This component is the reactive alternative to the native if.

If a function is passed as the children then it will be called with a read-only observable that contains the current, always truthy, value of the "when" condition.

Interface:

type Truthy<T = unknown> = Extract<T, number | bigint | string | true | object | symbol | Function>;

function If <T> ( props: { when: FunctionMaybe<T>, fallback?: JSX.Element, children: JSX.Element | (( value: (() => Truthy<T>) ) => JSX.Element) }): ObservableReadonly<JSX.Element>;

Usage:

import {If} from 'voby';

const App = () => {
  const visible = $(false);
  const toggle = () => visible ( !visible () );
  return (
    <>
      <button onClick={toggle}>Toggle</button>
      <If when={visible}>
        <p>Hello!</p>
      </If>
    </>
  );
};

Portal

This component mounts its children inside a provided DOM element, or inside document.body otherwise.

Events will propagate natively, according to the resulting DOM hierarchy, not the components hierarchy.

Interface:

function Portal ( props: { mount?: HTMLElement | null, children: JSX.Element }): (() => null) & ({ metadata: { portal: HTMLDivElement } });

Usage:

import Portal from 'voby';

const Modal = () => {
  // Some modal component maybe...
};

const App = () => {
  return (
    <Portal mount={document.body}>
      <Modal />
    </Portal>
  );
};

Suspense

This component is like If, the reactive alternative to the native if, but the fallback branch is shown automatically while there are some resources loading in the main branch, and the main branch is kept alive under the hood.

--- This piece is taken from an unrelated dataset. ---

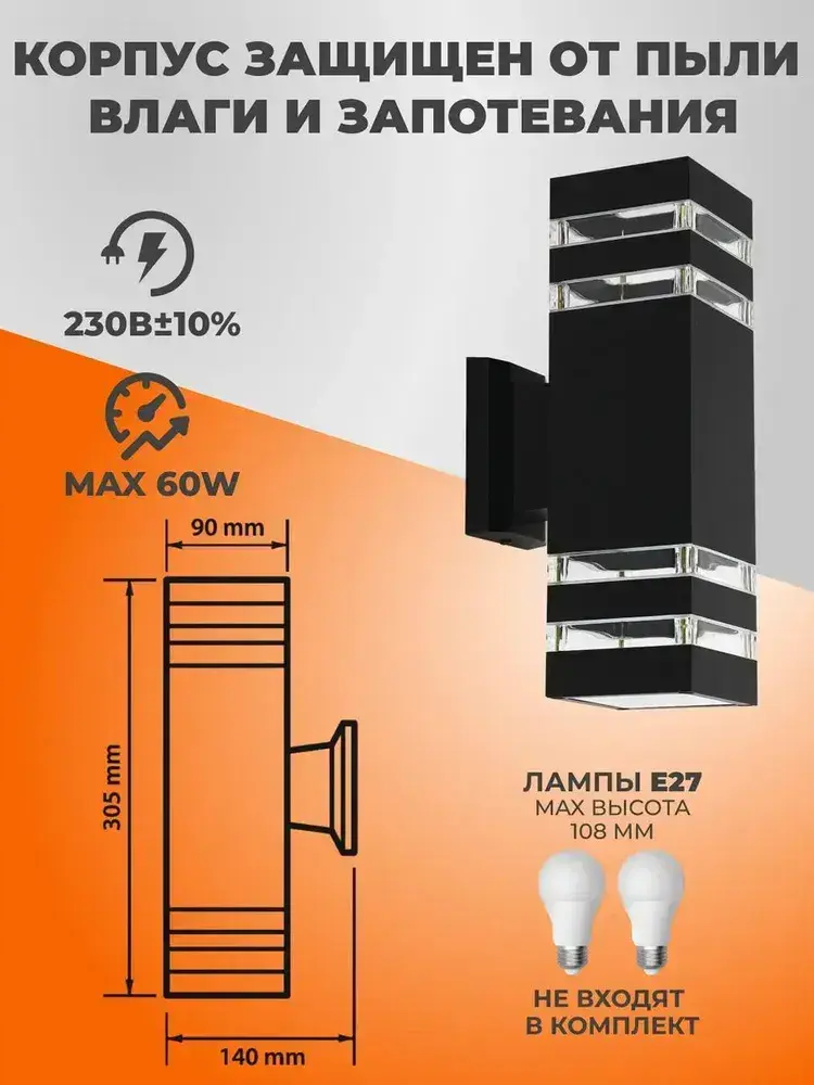 ENERLI Уличный светильник, E27, количество ламп:2шт

So this can be used to show some fallback content while the actual content is loading in the background.

This component relies on useResource to understand if there's a resource loading or not.

This component also supports a manual "when" prop for manually deciding whether the fallback branch should be rendered or not.

Interface:

function Suspense ( props: { when?: FunctionMaybe<unknown>, fallback?: JSX.Element, children: JSX.Element }): ObservableReadonly<JSX.Element>;

Usage:

import {Suspense} from 'voby';

const App = () => {
  const Content = () => {
    const resource = useResource ( () => makeSomePromise () );
    return (
      <Show when={() => !resource ().pensing && !resource ().error}>
        {resource ().value}
      </Show>
    );
  };
  const Spinner = () => {
    return <p>Loading...</p>;
  };
  return (
    <Suspense fallback={<Spinner />}>
      <Content />
    </Suspense>
  );
};

Switch

This component is the reactive alternative to the native switch.

Interface:

function Switch <T> ( props: { when: FunctionMaybe<T>, children: JSX.Element }): ObservableReadonly<JSX.Element>;

Switch.Case = function <T> ( props: { when: T, children: JSX.Element } ): (() => JSX.Element) & ({ metadata: [T, JSX.Element] });
Switch.Default = function ( props: { children: JSX.Element } ): (() => JSX.Element) & ({ metadata: [JSX.Element] });

Usage:

import {Switch} from 'voby';

const App = () => {
  const value = $(0);
  const increment = () => value ( value () + 1 );
  const decrement = () => value ( value () - 1 );
  return (
    <>
      <Switch when={value}>
        <Switch.Case when={0}>
          <p>0, the boundary between positives and negatives! (?)</p>
        </Switch.Case>
        <Switch.Case when={1}>
          <p>1, the multiplicative identity!</p>
        </Switch.Case>
        <Switch.Default>
          <p>{value}, I don't have anything interesting to say about that :(</p>
        </Switch.Default>
      </Switch>
      <button onClick={increment}>+</button>
      <button onClick={decrement}>-</button>
    </>
  );
};

Ternary

This component is the reactive alternative to the native ternary operator.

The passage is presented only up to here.